For the fried avocados-
- 1 large, ripe avocado
- 3/4 cup flour
- 1/2 cup milk
- 1 cup panko breadcrumbs
- 1/2 teaspoon salt
For the corn pico de gallo:
- 3/4 cup yellow corn
- 1/4 cup diced tomato (I used a Roma tomato)
- 1 tablespoon chopped cilantro
- 1 tablespoon fresh lime juice
- 1/8 teaspoon salt
For the spicy crema:
- 1/2 cup sour cream
- 1 tablespoon lime juice
- 1/8 teaspoon cumin
- 1/8 teaspoon garlic powder
- 1/8 teaspoon chili powder
- 1-1/2 teaspoons Sriracha (add more as desired)
- 8 corn tortillas
- 1/2 cup refried black beans (or refried pinto beans)
- 2 ounces shredded cheddar cheese
Vegetable oil, for frying (about 1-1/2 cups)
- Make the corn pico de gallo first so that the flavors have some time to meld together. Mix together the corn, tomato, cilantro, lime juice, and salt. Once mixed, refrigerate until ready to eat, but try to rest for at least 30 minutes.

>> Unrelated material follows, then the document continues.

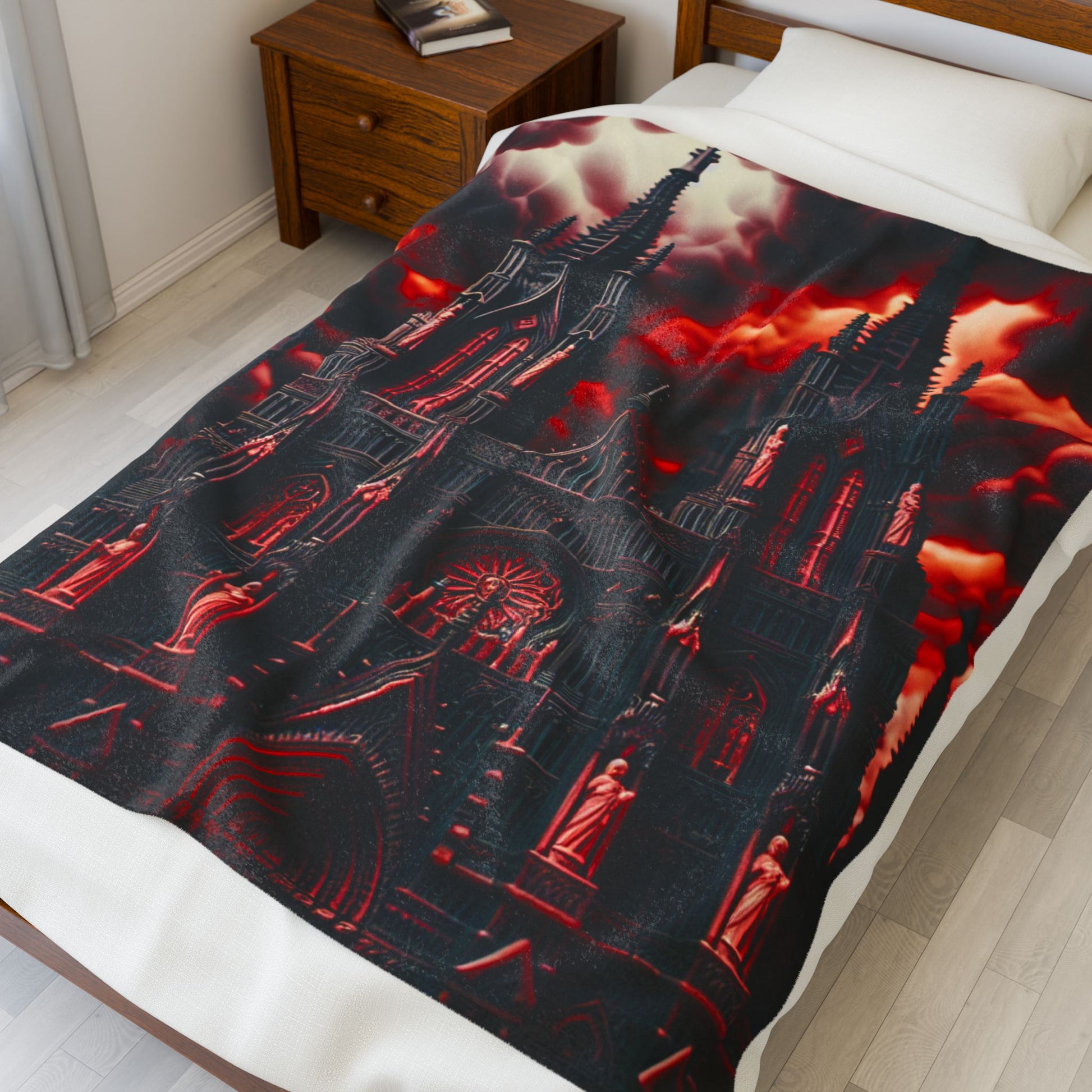 A gothic cathedral rises ominously under a swirling, fiery-red sky. Intricate spires and statues adorn the architecture, evoking a haunting blend of majesty and mystery. The dramatic clouds enhance the cathedral's ethereal and powerful presence, creating an intense, otherworldly atmosphere. Create a cozy and warm atmosphere at home with this plush velveteen blanket. It is soft to touch and perfect for any home. Customize with a one-sided print to add your personal touch or create a gift for your friends and family. Available in three sizes: 30x40", 50x60", 60x80".

- To make the spicy crema: Mix together the sour cream with the lime juice and all of the spices. Refrigerate until ready to serve. If consistency is too thick for your liking, add a splash of milk or water to thin,
- To make the fried avocado: Place the flour, milk, and panko each in a separate bowl. Season the flour with 1/4 teaspoon salt, and season the panko with 1/4 teaspoon salt, and mix to combine. Working in batches, dredge in flour, shaking off excess. Coat with milk, allowing excess to drip back into bowl. Coat with panko, pressing to adhere.
- Pour oil into a large skillet, and heat over medium (or 350 degrees). Working in batches, fry avocado, turning occasionally, until golden brown and crisp, about 3 minutes per batch. Transfer to a cooling rack to drain. Season with salt as soon as sliced are moved to the cooling rack.
- To build: Layer two corn tortillas, and top with refried beans, fried avocado, corn pico de gallo, crema, and cheese. (You can also serve the crema on the side, to dip).